Java cacerts file as a trusted certificate store, typically located in the jre/lib/security directory. This file holds certificates from Certificate Authorities (CAs) that are trusted by the Java Runtime Environment.

Jenkins Configuration

Since the builds and deploys are handled by Jenkins, the ultimate destination for Keycloak certificate is the internal Jenkins storage for secret files.

The ID for the secret file in this example is keycloak_certificate.

Jenkins Pipeline Modification

Now then we have a secret file in Jenkins, we just need to copy it to the workspace filesystem where the Docker build process can find it, for example:

Jenkinsfile
     stage('Build docker image') {
steps {
script {
// Using secret file
withCredentials([
file(credentialsId: 'keycloak_certificate', variable: 'SSL_CERT'),
]) {
sh """
cp "$SSL_CERT" "${WORKSPACE}/jenkins/keycloak.pem"
docker build -t clematis.mt.api .
"""
}
}
}
}

The line cp "$SSL_CERT" "${WORKSPACE}/jenkins/keycloak.pem" will copy the file from the secret storage to the file system.

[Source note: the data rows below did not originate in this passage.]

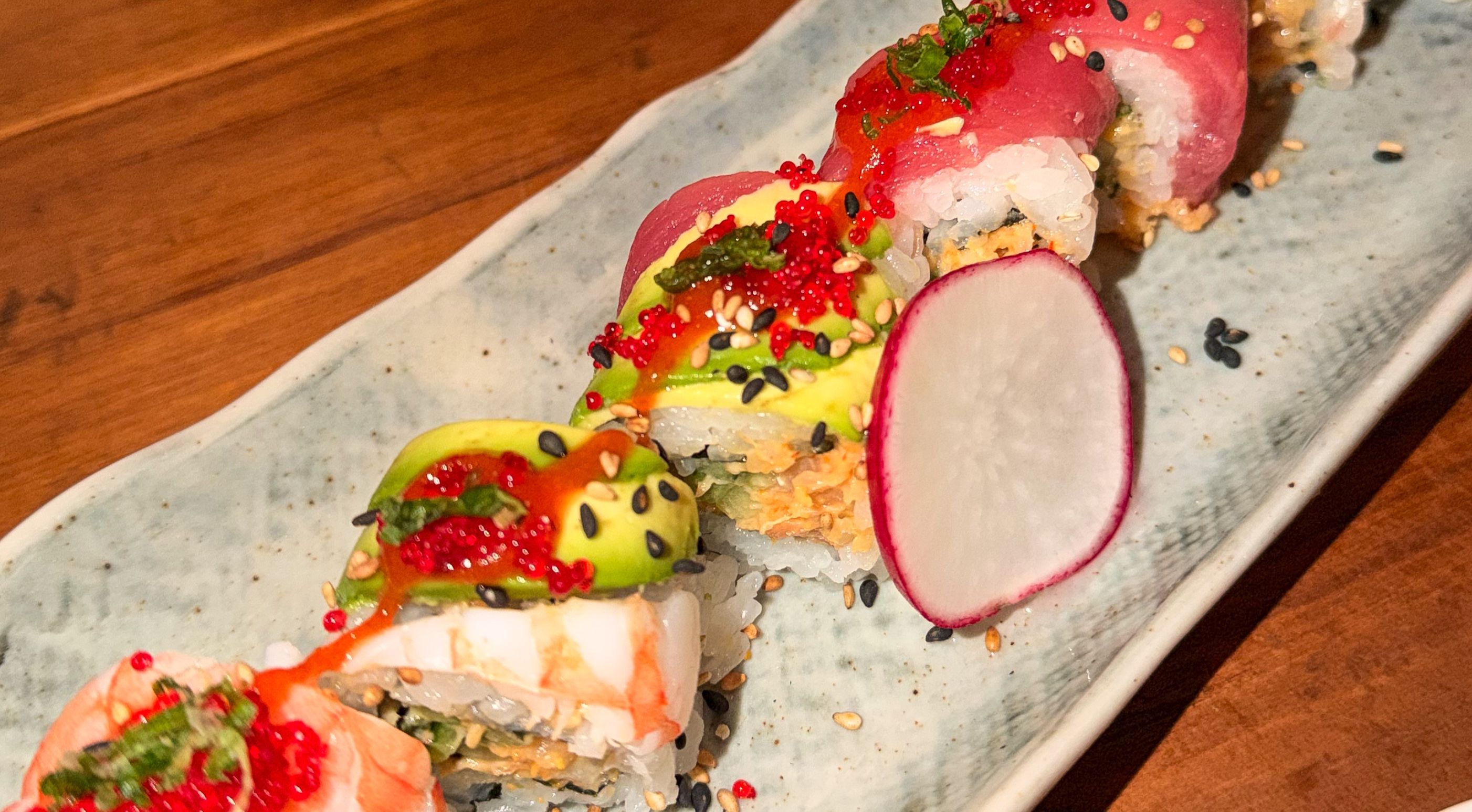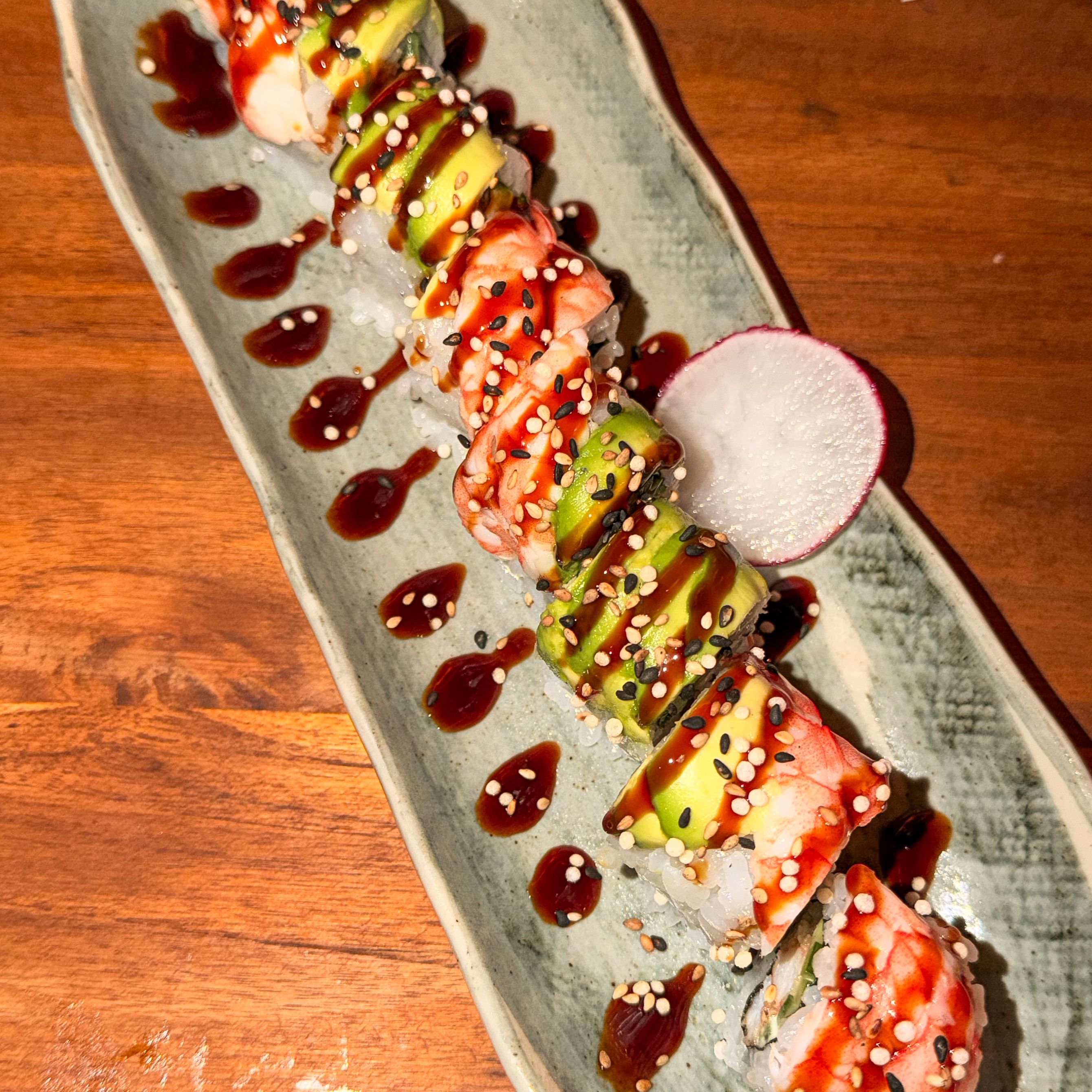A classic combination done really well. The sweetness of the eel sauce plays perfectly off the shrimp, and the texture contrast between the crispy elements and the rice is spot on. Comfort food in sushi form.
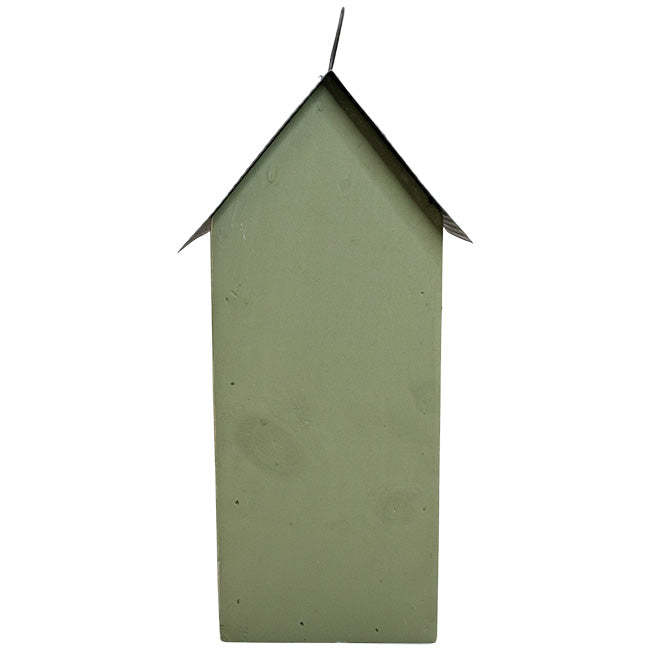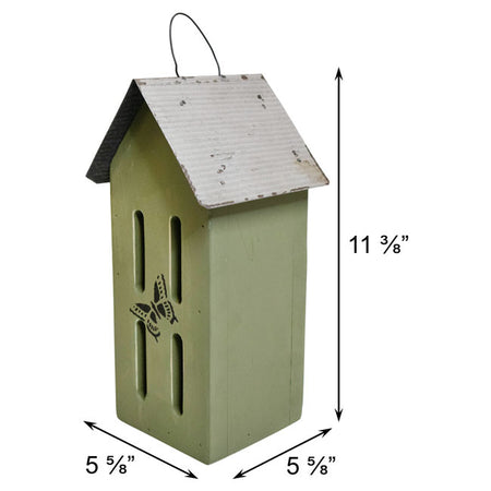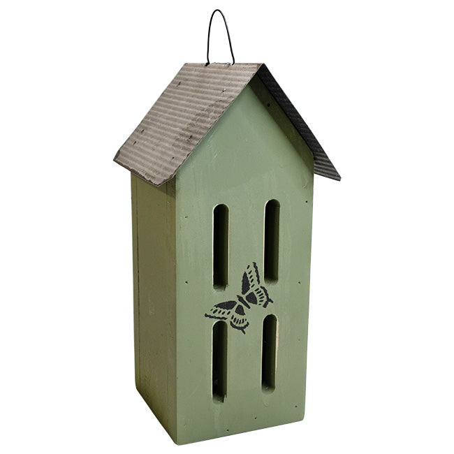 Provide wonderful butterflies a safe and comfortable dwelling during cold and inclement weather by offering them this enduring Bird In Hand Amish Made Green Butterfly House with Stenciled Design. This lovely domicile sports a rustic green tone and unembellished, pitched metal roof to lend your backyard birding area a familiar and bucolic charm as you give shelter to butterflies during periods of migration or harsh weather. A stenciled image of a butterfly adorns the front of this abode, accentuating the quaint, green piece with delightful and whimsical appeal, while ample space inside the unit’s classic, rectangular design gives butterflies plenty of room to comfortably reside. Four oval slats on the front panel of the home allow these graceful pollinators easy access to the interior when they seek shelter, and the expansive, pitched roof provides durable and reliable coverage from the elements to the butterfly inhabitants. A metal hanging loop atop the timeless roof allows you to place this beautiful and sturdy accent on a hook in your garden; alternatively, the unit may rest on any flat, level surface while also including a hole in its base for dowel mounting. Ensure that your local butterfly population thrives by giving them safe and comfortable housing with this Amish Made Green Butterfly House with Stenciled Design. Made in the USA.
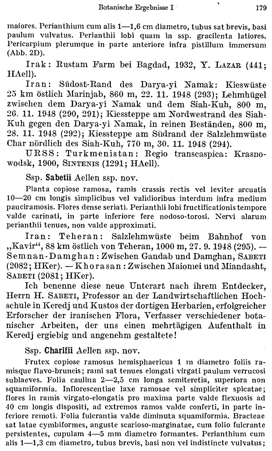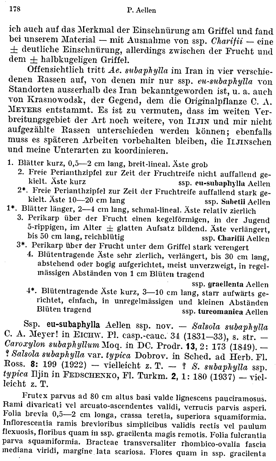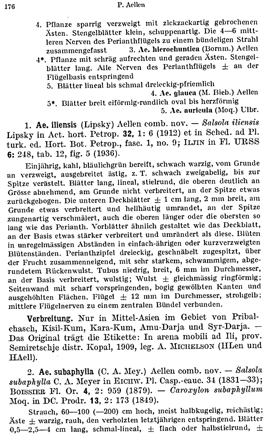 Обнародование комбинаций Aellenia subaphylla ssp. eusubaphylla Aellen (Verhandlungen der Naturforschenden Gesellschaft in Basel 61: 178. 1950) и Aellenia subaphylla ssp. turcomanica Aellen (Verhandlungen der Naturforschenden Gesellschaft in Basel 61: 180. 1950):
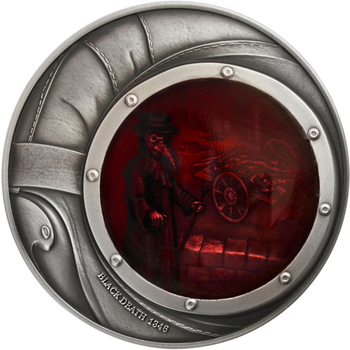 Srebrna moneta Niue "Czarna Śmierć - Plaga. Ludzkie tragedie" 2023, 62,2 grama czystego srebra (próba 0,999)
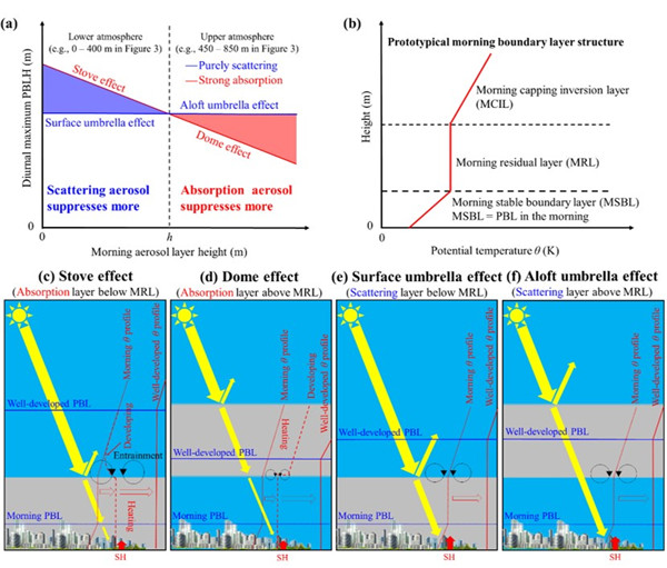 图2.(a)气溶胶光学特性(吸收、散射),初始气溶胶层高度与边界层日最大高度关系图;(b)典型早晨边界层温度层结结构,近地面稳定边界层(MSBL),残留层(MRL)和顶盖逆温层(MCIL)。(c)-(f)为气溶胶“火炉”,“穹顶”,地面和天空“阳伞”效应概念图。SH为感热通量,PBL为边界层高度。
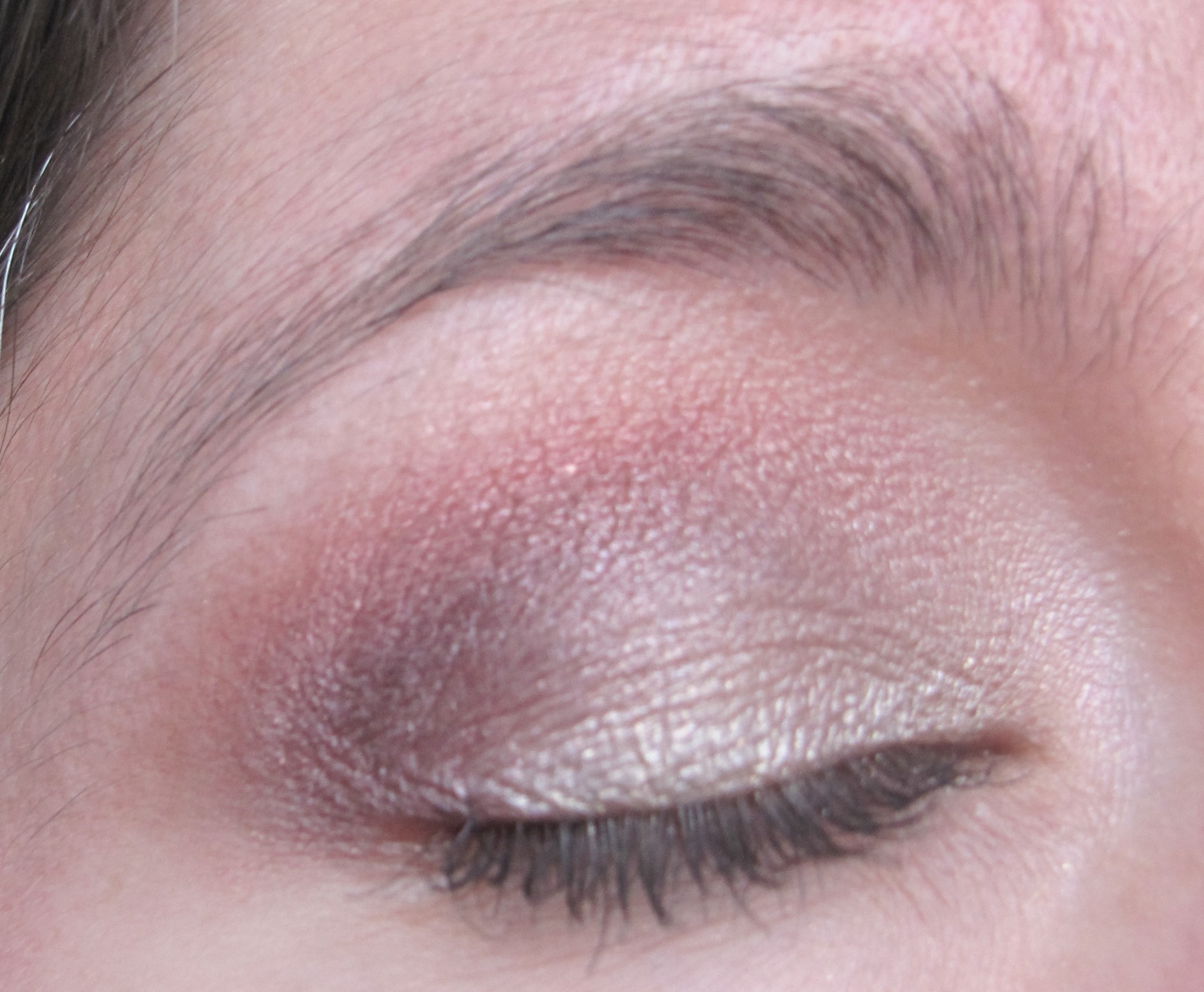 Shimmery champagne-pewter eyeshadow is neutral enough to pair with a variety of different colours. For this look, I used berry hues in the crease to add some warmth and depth to the eye. Here’s how to re-create this look:
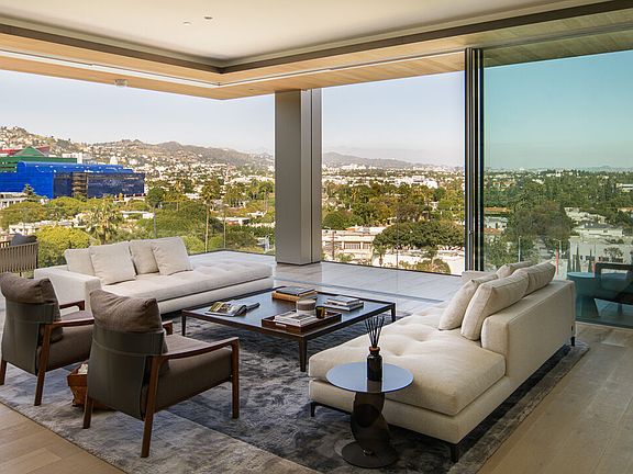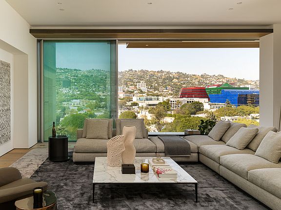 One-of-a-kind, custom four bedroom combo residence. Immediate closing: building is fully operational and staffed and move-in ready! 8899 Beverly is world-renowned architects Olson Kundig's "Love Letter to Los Angeles". Residence 6BE is the only remaining four bedroom floor plan, other than the Penthouses, and has a massive primary suite with sitting room/office facing north with the most brush form views of the hills. The primary suite also opens entirely to the outdoors allowing you to enjoy the views from every room and from your terraces. The AD 100 architect's Leed Gold-certified masterpiece culminates in the finest new development to hit the Los Angeles skyline. The Tower Residences feature expansive views across the Los Angeles horizon and encompass LA's most iconic landmarks. The sliding walls of the extraordinary, Swiss-made, Vitrocsa glass system bring the outdoors into each residence. The finest, hand-selected, materials include travertine throughout the residences and common areas, Sub-Zero, Miele and Gaggenau appliances, Calacatta Gold marble, bronze residence entry surrounds and custom door handles of bronze and hand-stitched leather. Ceiling heights soar up to 11 feet, including the custom recessed and cove lighting. Building amenities include 24-hour lobby staff, concierge, fitness center outfitted by Techno Gym and private studio space. 8899 has an extreme focus on privacy and exclusivity for its residents. Experience over a quarter-acre of outdoor space, lushly landscaped alongside a resort-style pool, oversized spa, garden seating with fireplaces and custom outdoor kitchen and dining. Enjoy short walks to premier dining and shopping, including The Ivy, Craig's, Bristol Farms, Chanel and more. Experience the exclusivity and luxury of Olson Kundig in this ultra-prime, walkable, Los Angeles location. 8899 Beverly is a feat never to be accomplished again. Please note that not all photographs represent the listed residence.

Docker Container Build Modification

Docker will have to import the certificate with keytool, so the original file gets two more lines of code:

Dockerfile
# Import Keycloak Cert to JRE cacerts
COPY jenkins/keycloak.pem /tmp/keycloak.pem
RUN keytool -importcert -file /tmp/keycloak.pem -alias keycloak -cacerts -storepass changeit -noprompt

After build and redeployment, the application is able to connect to Keycloak securely and validate the tokens sent to its REST API.

Note that the REST API itself is still served over HTTP.